Dr. Kimberly D. McCorkle:Fully online. Right. 
Dr. Patrick Brown:And so for my first, for the first year of my fellowship, really, because I started in January of 2020, so for that first year, it was really transitioning people to online. 
Dr. Kimberly D. McCorkle:Right. 
Dr. Patrick Brown:And, and helping faculty be as effective as they could be in this new modality and getting them ready for that '21-22 school year where we were going to be, you know, kind of mixed methods. 
Dr. Kimberly D. McCorkle:Right, right. 
Dr. Patrick Brown:I remember I taught my lectures online, and then I had an optional in-person lab, but with half capacity. I had the students split over two rooms, like it was, it was, it was something else. But I've also been very fortunate to have you know, I've worked for Amy Johnson, and then when she stepped down as Director, Alison Barton came in as the Director. And both of those women are not just gifted educators and gifted programmers of faculty development, they're also my friends. And so they, they have really tried to lean into my strengths, and I guess probably avoid my weaknesses and let me develop programming and the things that I think are really interesting. So of course, I'm doing a workshop this afternoon for the Biology Department in active and collaborative learning, which is my jam. I'm doing another workshop for them tomorrow morning that I developed with Dr. Sarah Melton over at the College of Pharmacy initially, but it's on item writing, writing multiple-choice items, which almost everybody, especially if you teach large classes uses. 
Dr. Kimberly D. McCorkle:Right.
Dr. Patrick Brown:But very few of us are trained in how to do it well. 
Dr. Kimberly D. McCorkle:That's right. 
Dr. Patrick Brown:And there's, there's, there are mistakes you can make that can reduce the validity of your assessment. And so that's something I really enjoy helping people learn about. 
Dr. Kimberly D. McCorkle:Yeah. 
Dr. Patrick Brown:And then I also am very interested in the ways in which we measure learning not just through multiple-choice items, but in doing instructional design and starting at the end point. 
Dr. Kimberly D. McCorkle:Yep. 
Dr. Patrick Brown:What Wiggins and McTighe called backwards design. 

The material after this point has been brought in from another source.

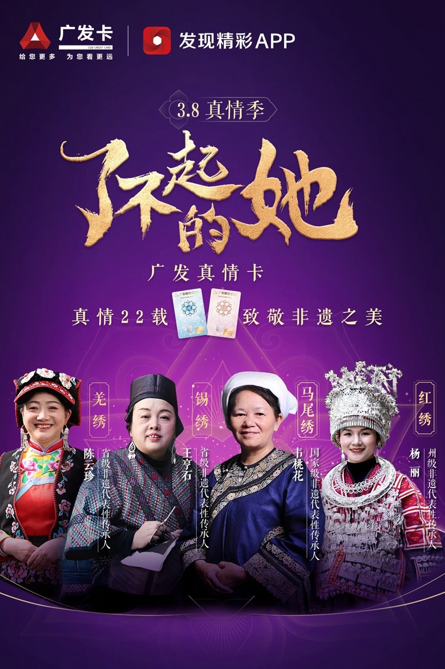 廣發(fā)真情卡攜手“天才媽媽”,將馬尾繡、羌繡、紅繡、錫繡四種非遺技藝傳承人的故事帶入到大眾視野,通過故事、人物、作品傳遞非遺文化的意蘊,呈現(xiàn)她們身上傳承、熱愛、自信、堅持等珍貴的品質(zhì),展現(xiàn)女性力量。一支“了不起的她”紀(jì)錄片走進非遺傳承人的生活環(huán)境,用鏡頭記錄、細致地展現(xiàn)出馬尾繡、羌繡、紅繡、錫繡非遺傳承人的真實故事、技藝及背后蘊含的民族文化,經(jīng)由韋桃花、陳云珍、王亨石、楊麗、潘正永五位傳承人娓娓道來的講述,真情致敬非遺之美,致敬每一位“了不起”的她。
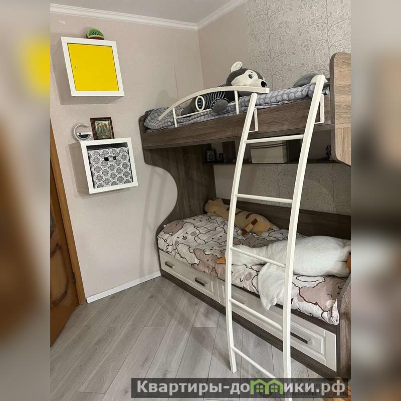 Все так уютно и красиво. Детская комната рассчитана на двоих детей, встроенные шкафчики и встроенный стол тоже в подарок новому владельцу.

Dr. Kimberly D. McCorkle:Backwards design. Yeah. 
Dr. Patrick Brown:So if you start with where you want them to be and then you figure out how you're going to get him there and how you're going to measure it. So those are the kinds of things that I've worked on. 
Dr. Kimberly D. McCorkle:So in your introduction, I mentioned your nationally recognized work with POGIL, the POGIL method of instruction. So with that in mind, what impact has this method had on your teaching? And tell us more about the method itself. 
Dr. Patrick Brown:So I don't think anything has transformed what I do in the classroom more than POGIL. POGIL was an NSF grant to Rick Moog and Jim Spencer, who are both chemists, and they had kind of independently come up with this just like super- Constructivist method of teaching. So Constructivism is the idea that learning is, learning occurs when we construct our own understanding of concepts and integrate this new understanding with what we already know. 
Dr. Kimberly D. McCorkle:Right. 
Dr. Patrick Brown:You know, as pioneered in the early 20th century by French psychologist Jean Piaget. But she she was like, I loved using this in my chemistry class I'm starting to use it in my medicinal chemistry classes in pharmacy. You should check it out. And because they were NSF-funded, their workshops were free. And so they had this three-day workshop at Guilford College in Greensboro. And so I went out there and met some people who are, to this day, dear, dear friends, and who have been wonderful mentors to me, Andy Brissette, Suzanne Ruder, Megan Hoffmann; I can't list them all. We'd be here all day. But I can remember during the, and it was an intense three days, I mean, we worked from first thing in the morning until pretty late in the evening, all three days. And I can remember being in that first day. And one of the great things about the POGIL project, you know, the people who train folks to use POGIL, is that you learn it by doing it. You know, a lot of educators who are listening can, can commiserate with this. You go to this workshop on active learning, and you're going to learn how to do this active-learning thing. And then you get lectured at for three hours. 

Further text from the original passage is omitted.